● Task instructions
Output each line of the data below exactly, omitting any image.

● Collected material
=== Section Start ===

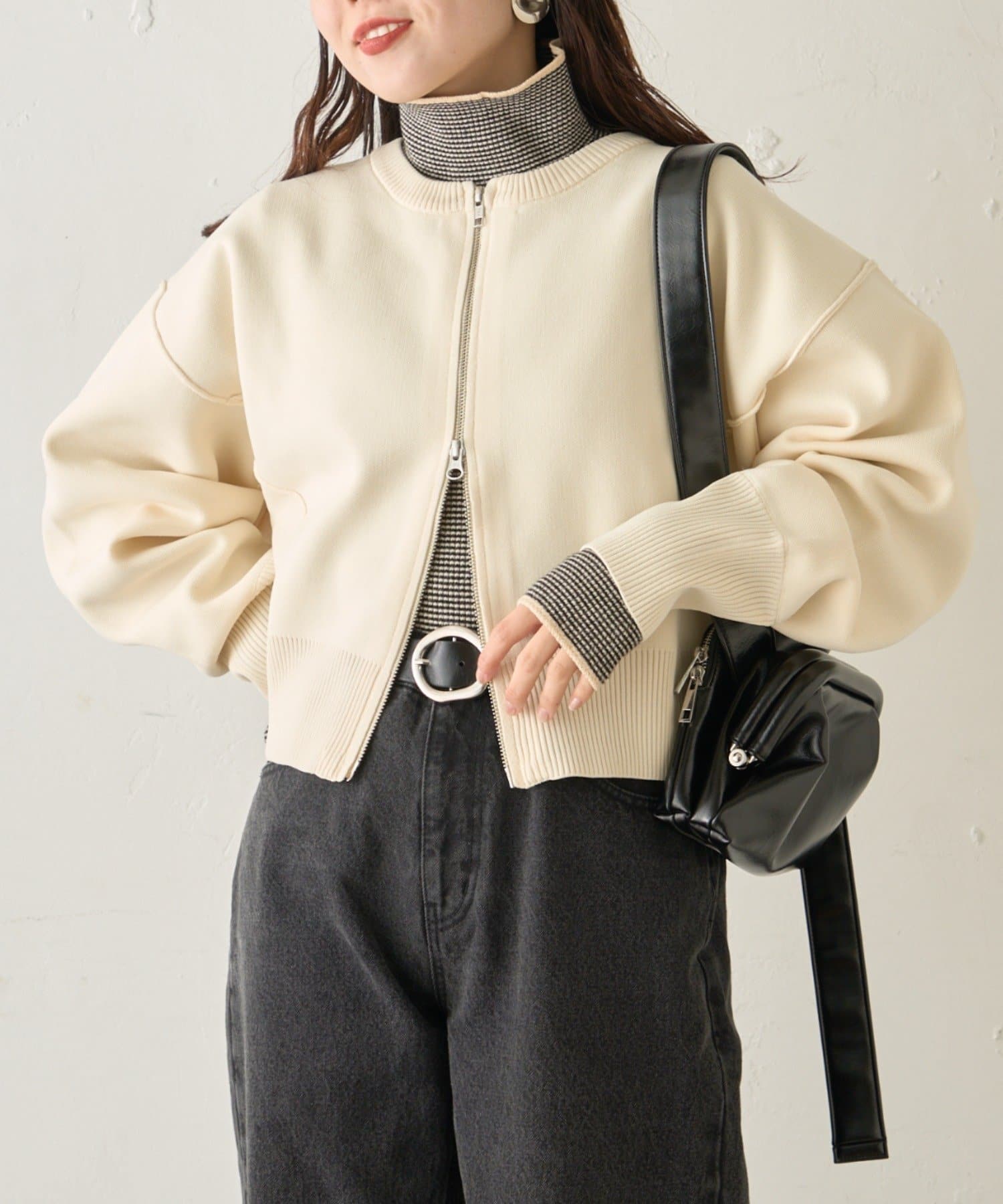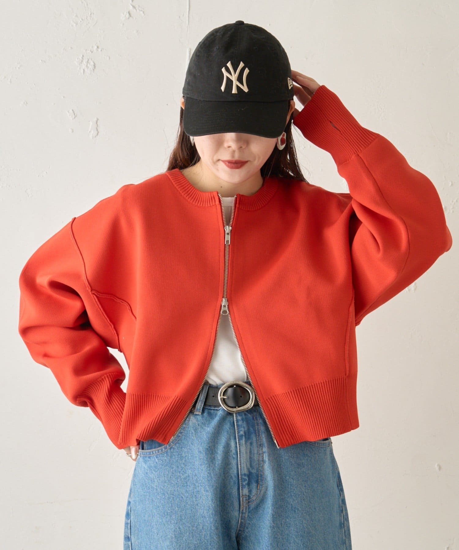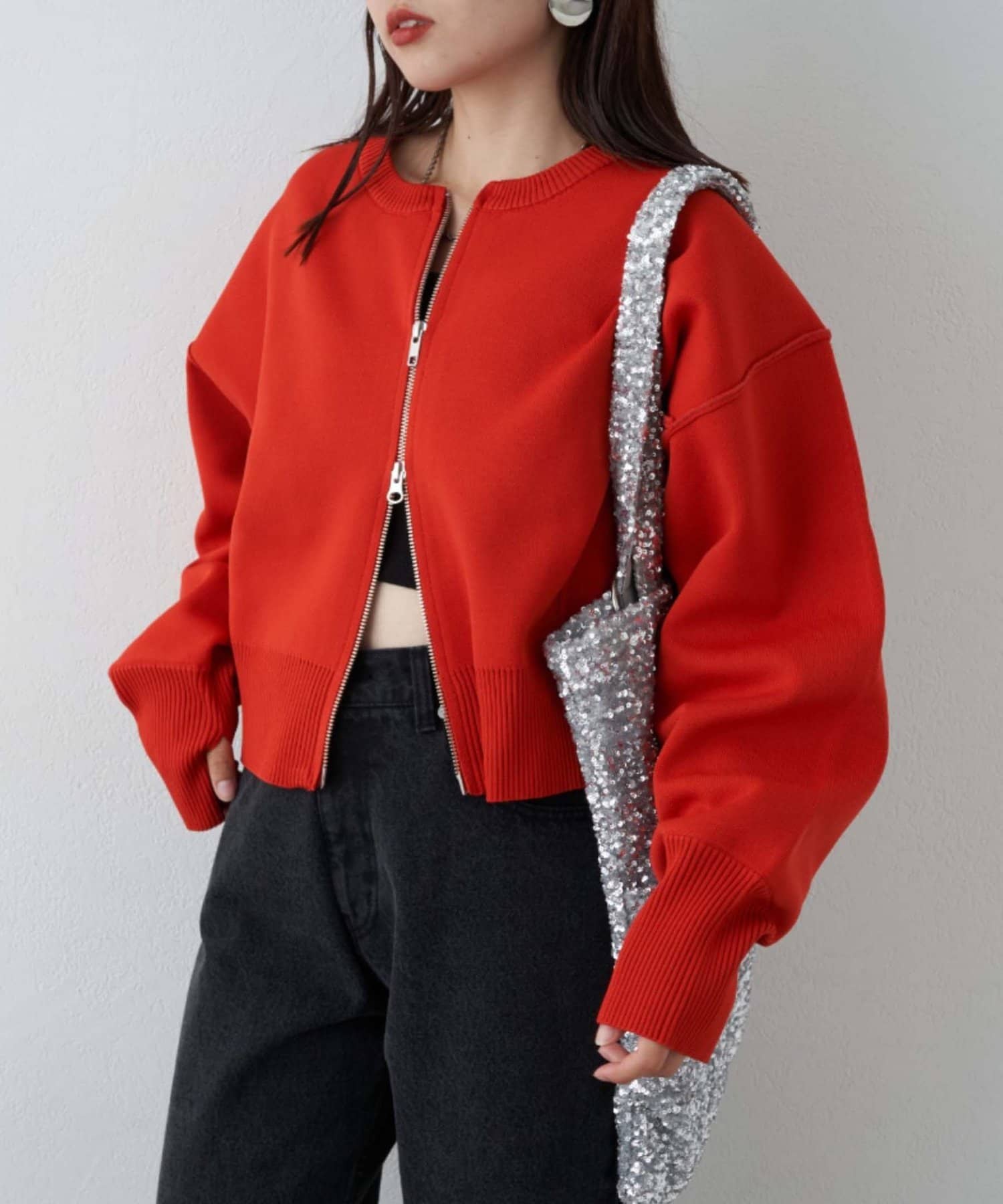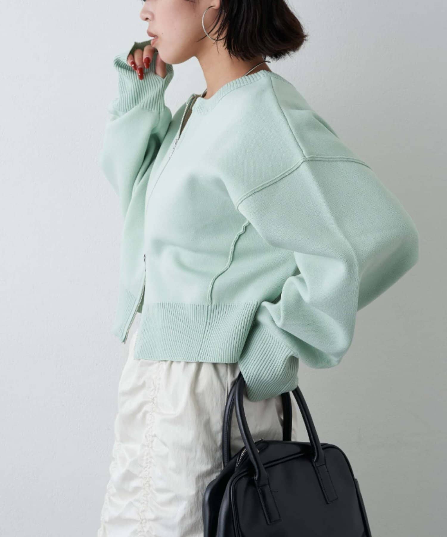 上下どちらも開くダブルジップが特徴のニットカーディガン。
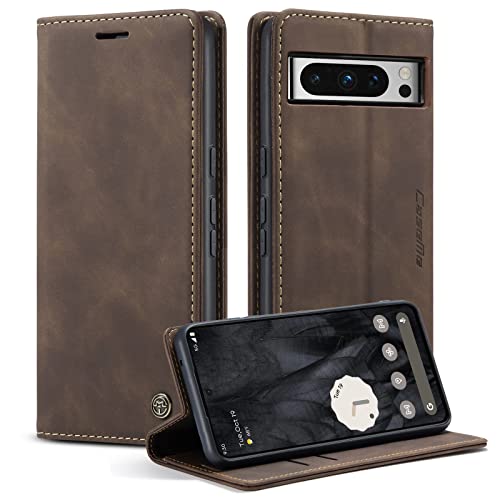 Phernykas Skal för Pixel 8 Pro Case, Läderfodral Plånbok Skal, [TPU-skal] [Kortplatser] [Kickstand] stöttåligt folio flipfodral Wallet Leather Cover för Google Pixel 8 Pro, Brun
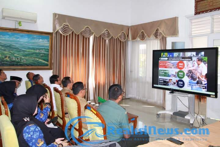 REAKSINEWS.COM || SUKABUMI – Sekda Kabupaten Sukabumi H. Ade Suryaman mengikuti rapat koordinasi (rakor) pengendalian inflasi di daerah secara virtual dari Pendopo, Senin, 19 Mei 2025. Dalam rakor yang diikuti sejumlah kepala perangkat daerah itu, dibahas juga terkait percepatan pembentukan koperasi desa/kelurahan merah putih.
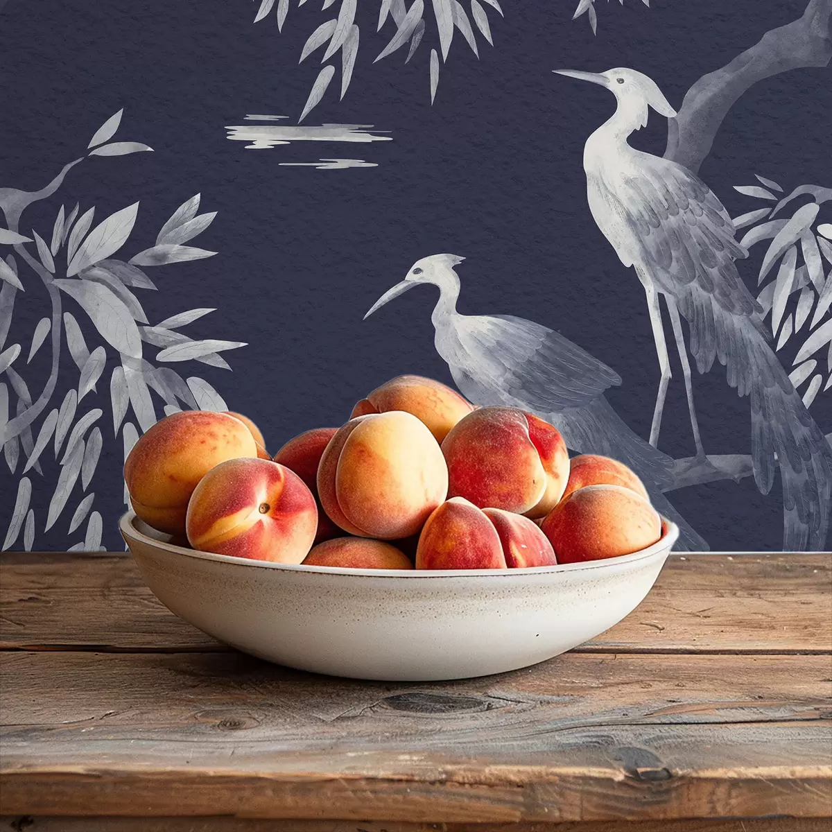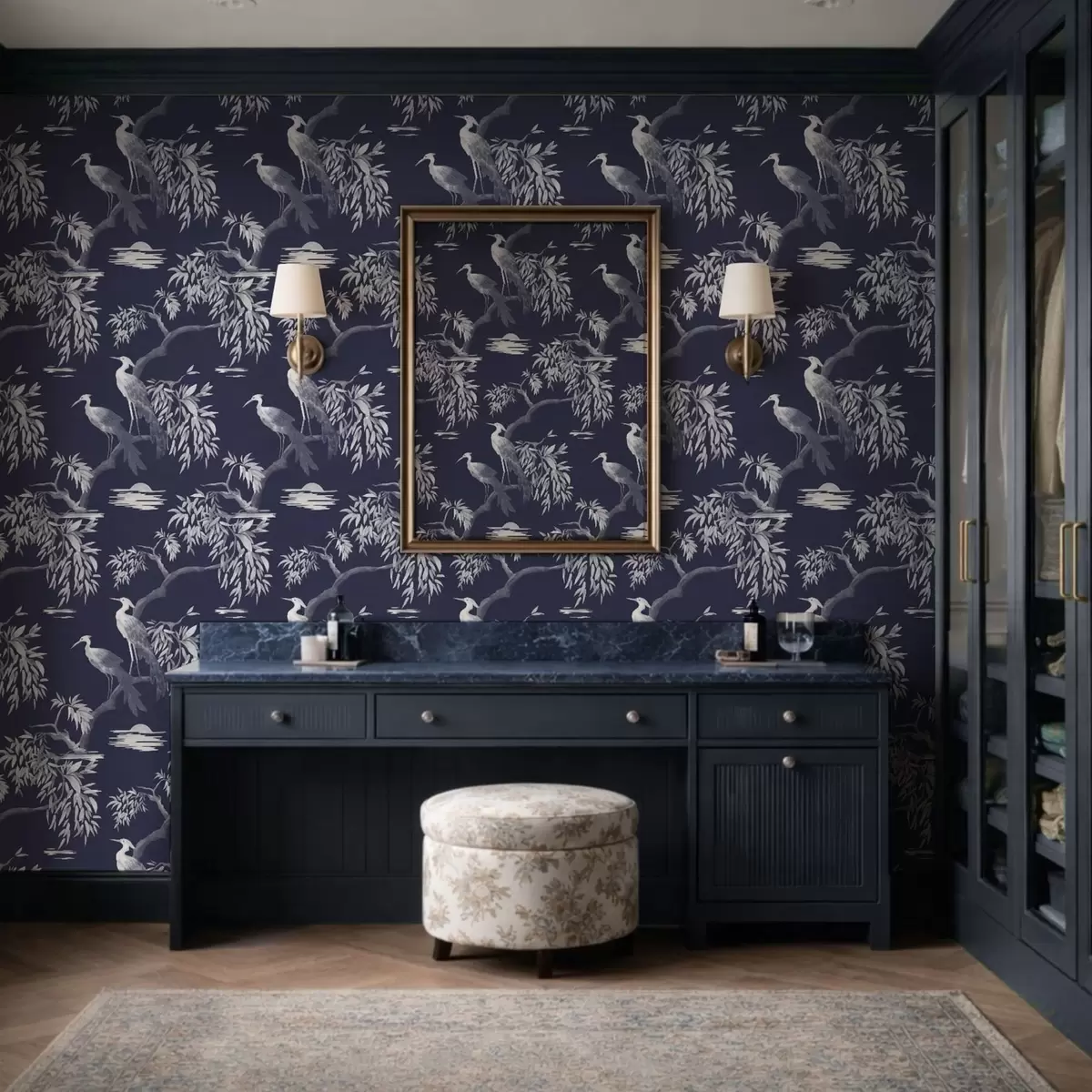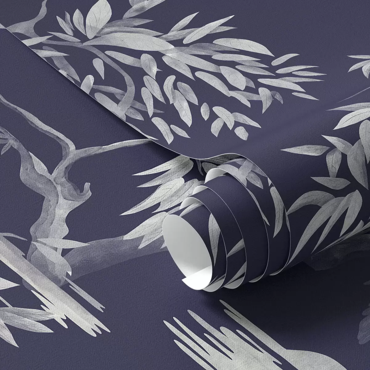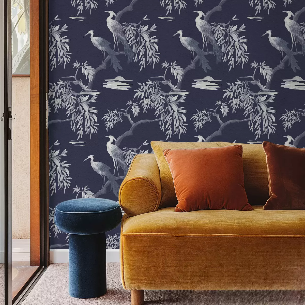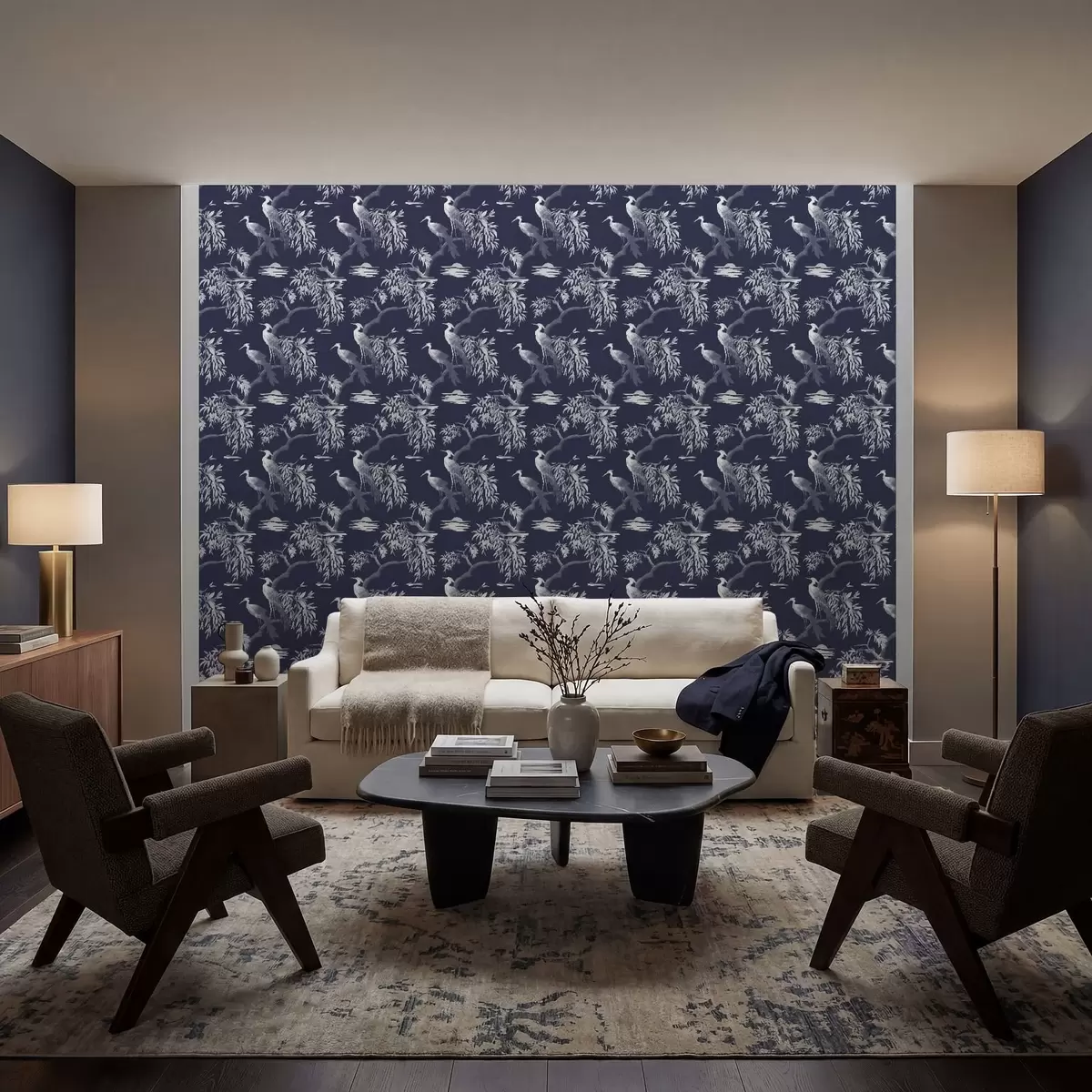 Papiers peints Oiseaux sur une branche sur fond bleu foncé Nr. a01116v1

=== Section End ===

● Response
 上下どちらも開くダブルジップが特徴のニットカーディガン。
 Phernykas Skal för Pixel 8 Pro Case, Läderfodral Plånbok Skal, [TPU-skal] [Kortplatser] [Kickstand] stöttåligt folio flipfodral Wallet Leather Cover för Google Pixel 8 Pro, Brun
 REAKSINEWS.COM || SUKABUMI – Sekda Kabupaten Sukabumi H. Ade Suryaman mengikuti rapat koordinasi (rakor) pengendalian inflasi di daerah secara virtual dari Pendopo, Senin, 19 Mei 2025. Dalam rakor yang diikuti sejumlah kepala perangkat daerah itu, dibahas juga terkait percepatan pembentukan koperasi desa/kelurahan merah putih.
 Papiers peints Oiseaux sur une branche sur fond bleu foncé Nr. a01116v1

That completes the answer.